Instructions to follow:
Leaving out the pictures, return word for word the stretch of entries below from the line holding "Após o tempo" through the line holding "Listed here are".

Information shown below:

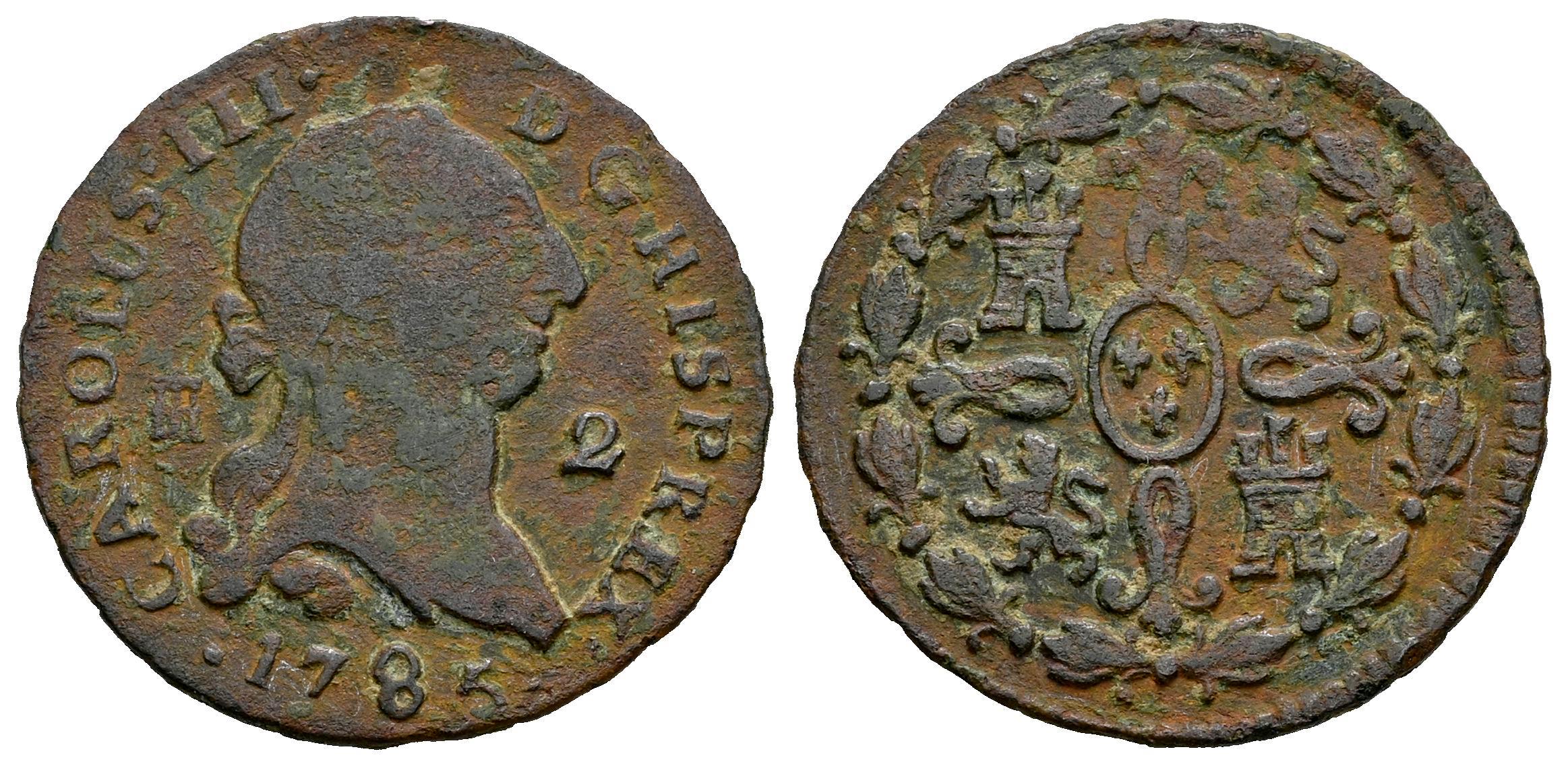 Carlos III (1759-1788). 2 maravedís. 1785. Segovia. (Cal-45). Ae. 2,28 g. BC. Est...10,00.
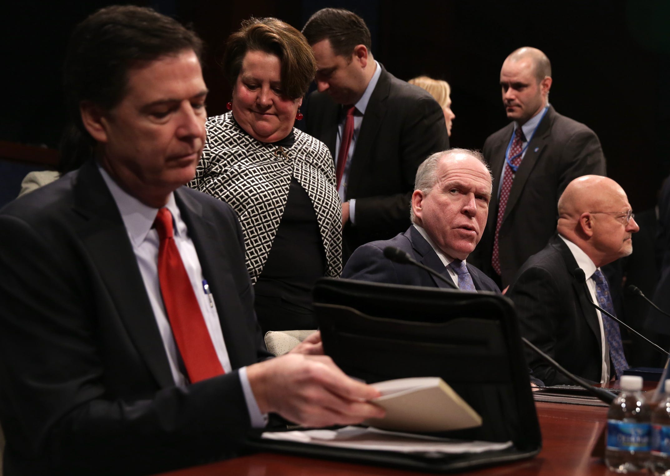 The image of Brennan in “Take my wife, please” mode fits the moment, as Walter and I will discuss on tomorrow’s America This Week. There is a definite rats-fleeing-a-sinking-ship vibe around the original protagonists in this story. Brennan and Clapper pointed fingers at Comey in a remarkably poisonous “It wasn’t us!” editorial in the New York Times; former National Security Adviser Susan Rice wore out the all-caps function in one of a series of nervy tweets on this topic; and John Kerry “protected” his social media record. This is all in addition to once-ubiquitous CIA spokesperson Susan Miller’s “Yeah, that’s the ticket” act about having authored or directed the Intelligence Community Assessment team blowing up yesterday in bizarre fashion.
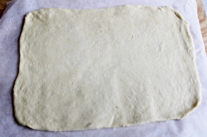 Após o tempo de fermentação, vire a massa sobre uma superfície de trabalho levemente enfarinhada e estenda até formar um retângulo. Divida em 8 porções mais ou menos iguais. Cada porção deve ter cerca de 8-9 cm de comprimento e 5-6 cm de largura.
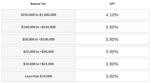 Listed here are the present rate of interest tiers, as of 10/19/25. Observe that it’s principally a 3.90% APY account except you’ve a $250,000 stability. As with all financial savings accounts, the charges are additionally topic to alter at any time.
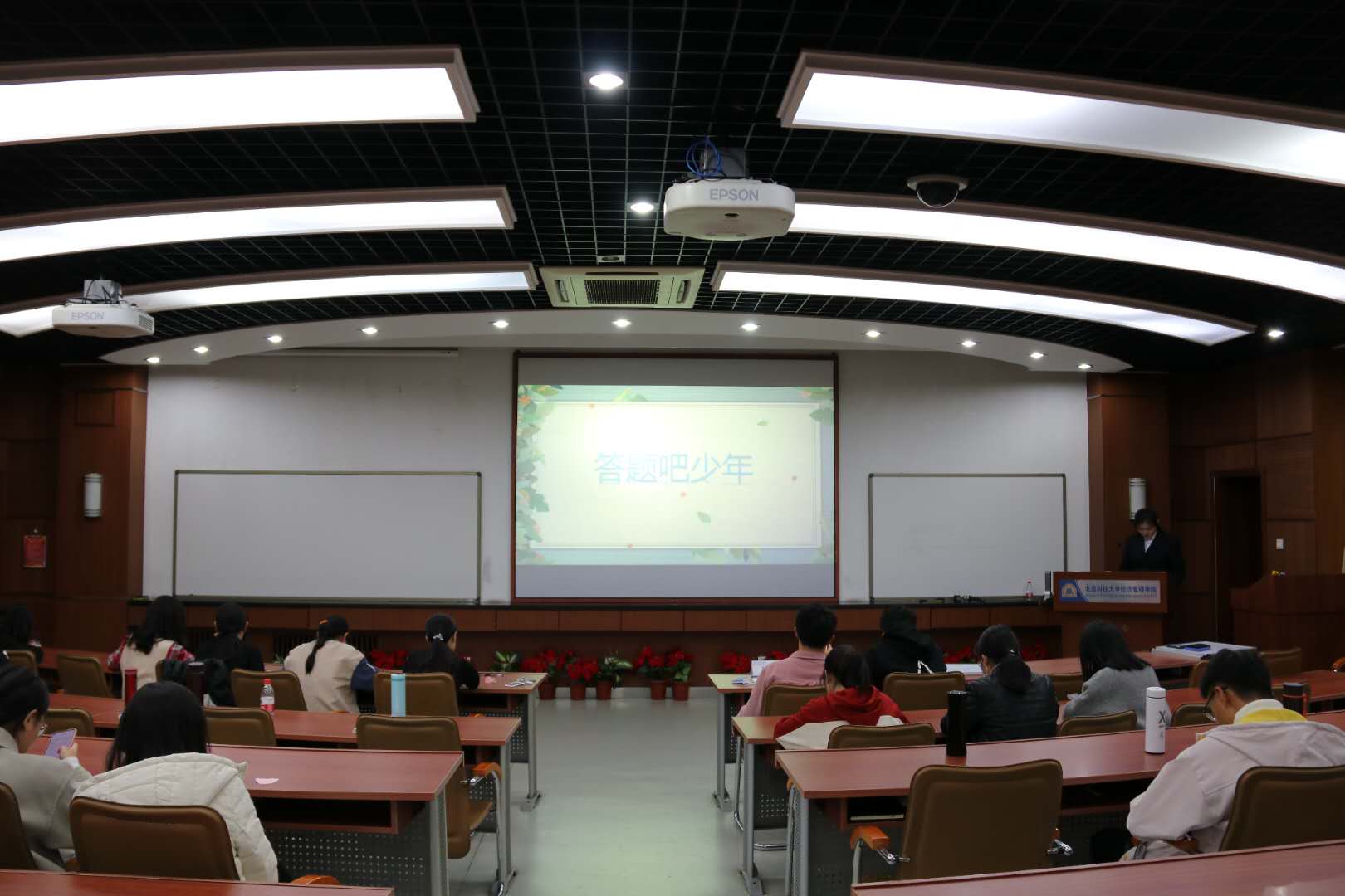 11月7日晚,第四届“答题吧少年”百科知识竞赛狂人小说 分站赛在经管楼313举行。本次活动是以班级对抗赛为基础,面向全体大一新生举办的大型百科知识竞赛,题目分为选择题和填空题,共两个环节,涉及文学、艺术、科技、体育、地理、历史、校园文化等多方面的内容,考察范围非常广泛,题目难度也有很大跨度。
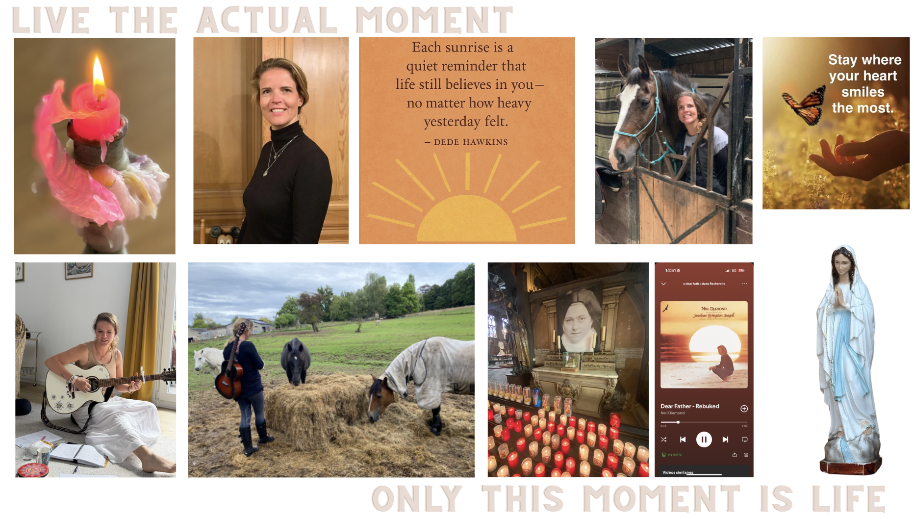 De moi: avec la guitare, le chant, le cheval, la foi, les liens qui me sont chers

End of Information shown.
Information shown below:

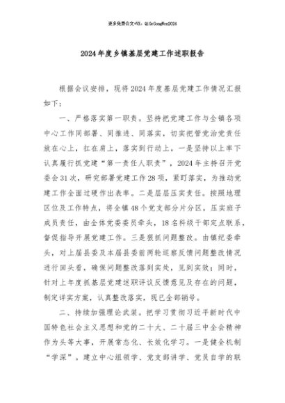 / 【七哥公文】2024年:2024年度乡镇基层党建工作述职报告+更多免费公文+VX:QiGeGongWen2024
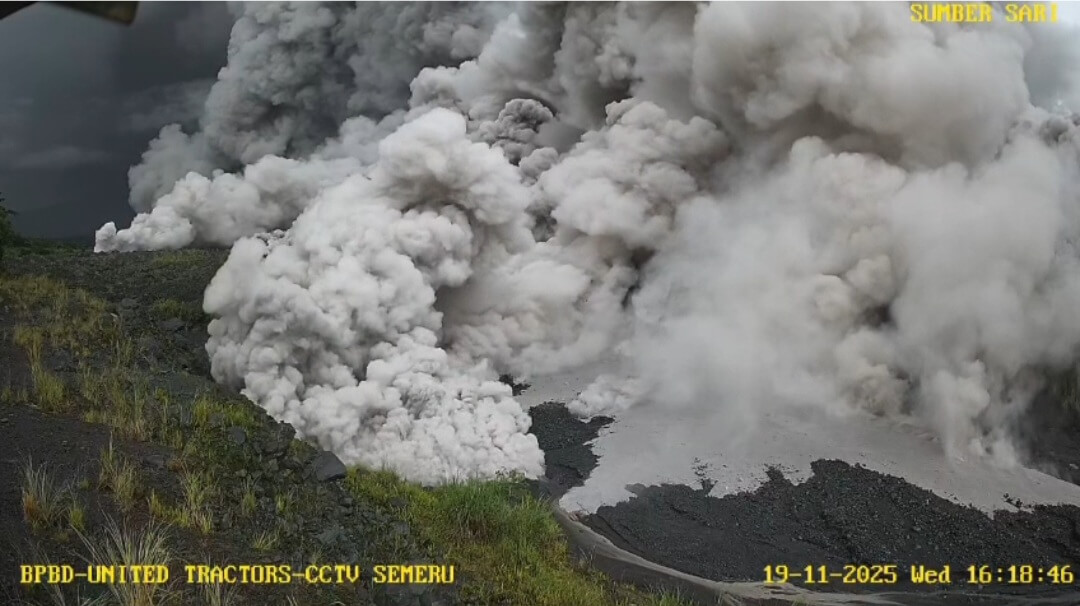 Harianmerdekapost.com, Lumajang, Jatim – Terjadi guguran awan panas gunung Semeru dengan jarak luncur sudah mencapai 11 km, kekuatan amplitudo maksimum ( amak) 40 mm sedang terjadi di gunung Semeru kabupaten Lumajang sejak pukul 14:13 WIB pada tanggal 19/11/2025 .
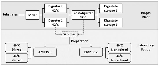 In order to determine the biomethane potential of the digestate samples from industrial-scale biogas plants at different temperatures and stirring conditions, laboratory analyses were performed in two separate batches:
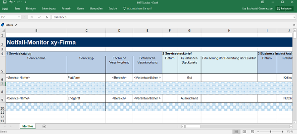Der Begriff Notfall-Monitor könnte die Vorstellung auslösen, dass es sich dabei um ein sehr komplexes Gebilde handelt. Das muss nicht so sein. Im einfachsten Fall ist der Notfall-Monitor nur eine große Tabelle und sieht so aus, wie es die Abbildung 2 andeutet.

End of Information shown.
Information shown below:

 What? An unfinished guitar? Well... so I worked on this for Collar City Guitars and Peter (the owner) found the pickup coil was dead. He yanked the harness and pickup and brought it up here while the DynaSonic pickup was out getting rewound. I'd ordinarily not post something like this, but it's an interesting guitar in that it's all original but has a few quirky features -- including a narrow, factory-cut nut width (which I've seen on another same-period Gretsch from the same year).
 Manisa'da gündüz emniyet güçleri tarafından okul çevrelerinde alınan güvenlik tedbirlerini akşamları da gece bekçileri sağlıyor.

End of Information shown.

Answer section:
 Após o tempo de fermentação, vire a massa sobre uma superfície de trabalho levemente enfarinhada e estenda até formar um retângulo. Divida em 8 porções mais ou menos iguais. Cada porção deve ter cerca de 8-9 cm de comprimento e 5-6 cm de largura.
 Listed here are the present rate of interest tiers, as of 10/19/25. Observe that it’s principally a 3.90% APY account except you’ve a $250,000 stability. As with all financial savings accounts, the charges are additionally topic to alter at any time.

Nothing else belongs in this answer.